As noted, the eustachian tubes in children do not drain the middle ear as well as in adults.

The kid has an ear ache until it resolves on its own. Depending on the kid and the severity, this might mean no one in the household sleeps until it resolves on its own.

Earaches don’t really spread to others, but the triggering infections (colds, viruses, bacteria, etc.) certainly can. Untreated, if enough pus/pressure builds up it can potentially rupture the ear drum, after which all the nastiness will drain out of the ear. Sometimes the ear drum will heal up from that and still be useful for hearing. Sometimes it can really mess up the ear drum and hearing. If infection damages other structures in the middle ear it can cause deafness.

In rare instances, if the infection ate away the bone of the skull and infected the brain, or sepsis occurred, it could cause death but I expect that was all pretty rare.

Yes.

Yes, but compared to some disease that were more common back then, like measles, polio, typhoid, cholera, smallpox, dysentery, and Og knows what else a bad ear ache wasn’t seen as nearly as important as one of the bigger killers

Sometimes it seems to run in families, I had recurring ear infections as did my brother. My dad had some operation when he was 6 or 7 that did something to the mastoid area on both sides, we used to have a picture of him with bandages behind the ears sort of earmuff style.

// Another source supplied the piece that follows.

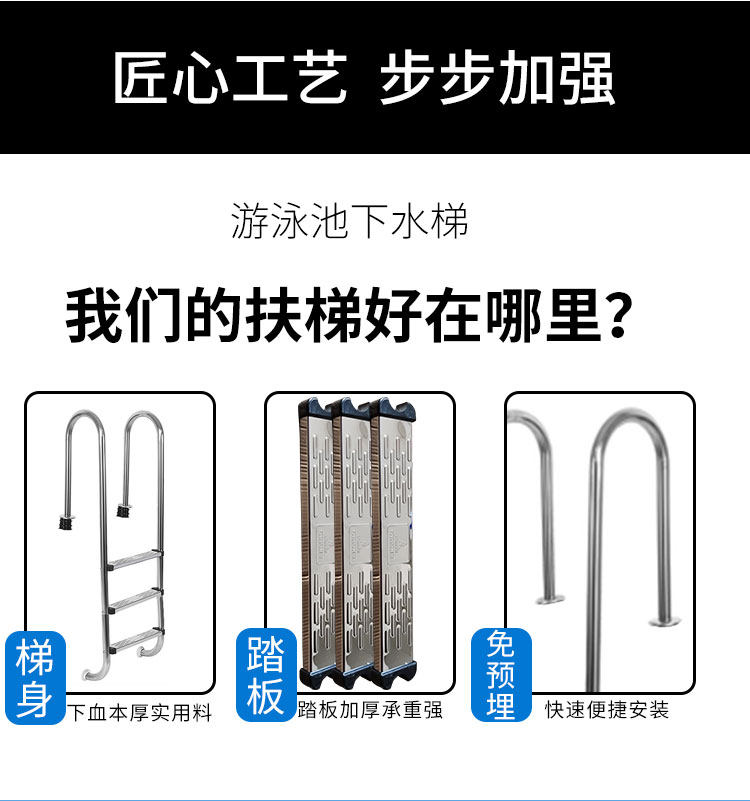 Нескользящий бассейн, лестница из нержавеющей стали, увеличенная толщина
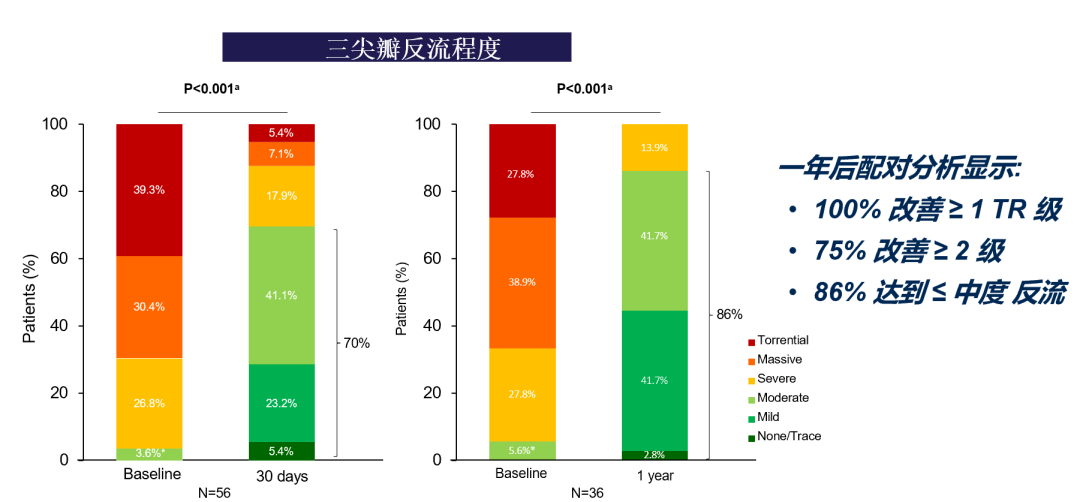 Greenbaum教授介绍1年随访数据显示,PASCAL经导管瓣膜修复系统显示出较高的存活率,三尖瓣返流(TR)显著且持续减少,临床、功能和生活质量均有改善。

this is about where the bandages would have covered, no idea what the operation actually was

spoiler for picture of a surgical site, some people are squeamish. He had recurring ear infections when young as well.

Moderator note—

LSLGuy–Your first sentence above could have been worded better. I’m sure you really didn’t mean that daycare is a lousy substitute for “real” parenting. If you did, it didn’t need to be injected into this GQ thread.

No big thing, not a warning, just a side note.

samclem Moderator

I breast fed my kid for 6 months and he only had one ear infection his entire life.

I breastfed mine for 15 and he has had myriad infections and two sets of tubes.

From what my pediatrician told me, the most common underlying cause is simply anatomy. Some kids get 'em with every case of the sniffles, some don’t.

Also breastfed for several months in which time my daughter had recurring ear infections, one burst eardrum, and lots of sleepless nights until we decided that paying for daycare while missing a lot of work wasn’t worth it. Once they started talking tubes, I quit my job to stay home with her.

Putting babies in “kiddie kennels” surely doesn’t help. Antibodies aren’t all up and working.